International Journal of Food Properties (Jan 2020)
Nutritional quality and sensory evaluation of dabai-fortified cocoa bar
Abstract
Defatted dabai (Canarium odontophyllum Miq.) parts are considered good sources of antioxidants. This study aimed to determine the nutritional values and antioxidant properties of dabai cocoa bars and the sensory profile scores of different parts of dabai fruits (oil, oleoresin, and kernel). The second part of this study included the formulation of dark dabai cocoa bars using different percentages (5%, 10%, 15%, 20%, 25%, and 35%) of dabai kernel. The antioxidant activities of the dark dabai and dabai cocoa bars were determined on the basis of DPPH free radical scavenging and thiobarbituric acid reactive species assays. The panelists of the sensory study were asked to score specific sensory attributes using a hedonic scale. Results of the triangle test indicated that the flavor score of the dabai cocoa bar with 40% dabai oleoresin was low and its other sensory scores (aroma and overall acceptability) were also lower than those of the other types of dabai and dark dabai cocoa bars. Furthermore, the dark dabai cocoa bars with 5–35% dabai kernel exhibited an improved formulation, and the cocoa bar containing 20% dabai kernel presented the lowest lipid peroxidation value and higher overall acceptability score than the cocoa bar with 5% dabai kernel.

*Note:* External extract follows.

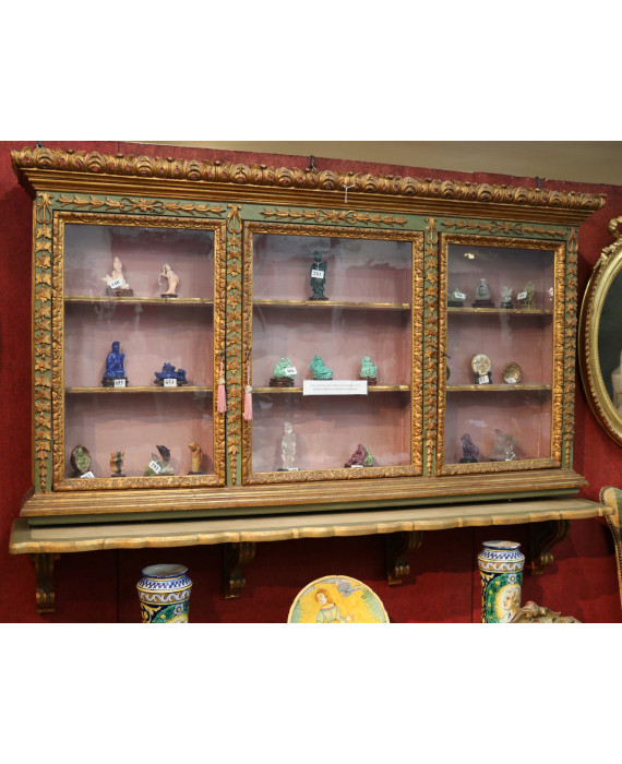 Lotto di un'antica credenza pensile a tre sportelli in legno dorato e laccato verde ed una mensola in legno dipinto di epoca posteriore. cm28x190x32; cm102x188x26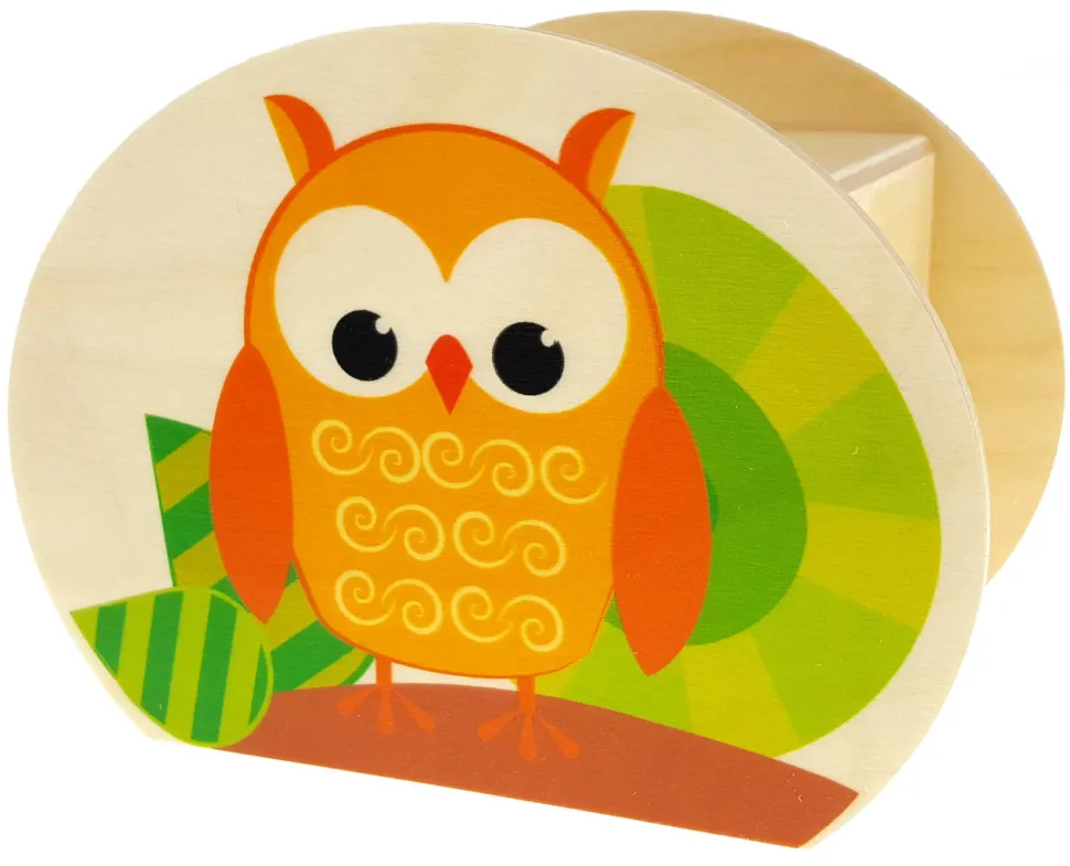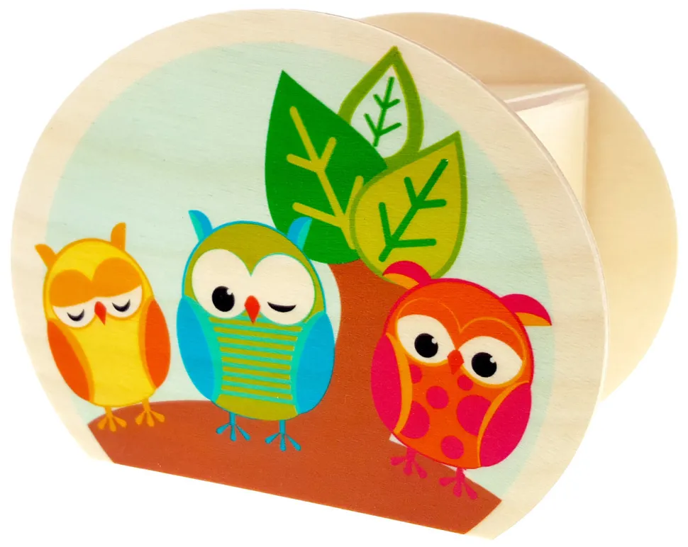 Een spaarpot die met de hand gemaakt is van hout. Deze spaarpot van Hess heeft aan beide zijden afbeeldingen van uilen. Leuk om te geven of te ontvangen.

However, the cocoa bar with 5% dabai kernel achieved the highest estimated total phenolic content and DPPH radical scavenging capacity. The β-carotene bleaching inhibition of the dark cocoa (DC) bar was not significantly higher than the cocoa bar with 40% dabai oleoresin. Lastly, the sensory acceptance score of dabai cocoa bars was lower than that of the DC bar due to the crispiness of dabai kernel and the astringent taste of dabai parts. Thus, dabai kernel preparation should be optimized further.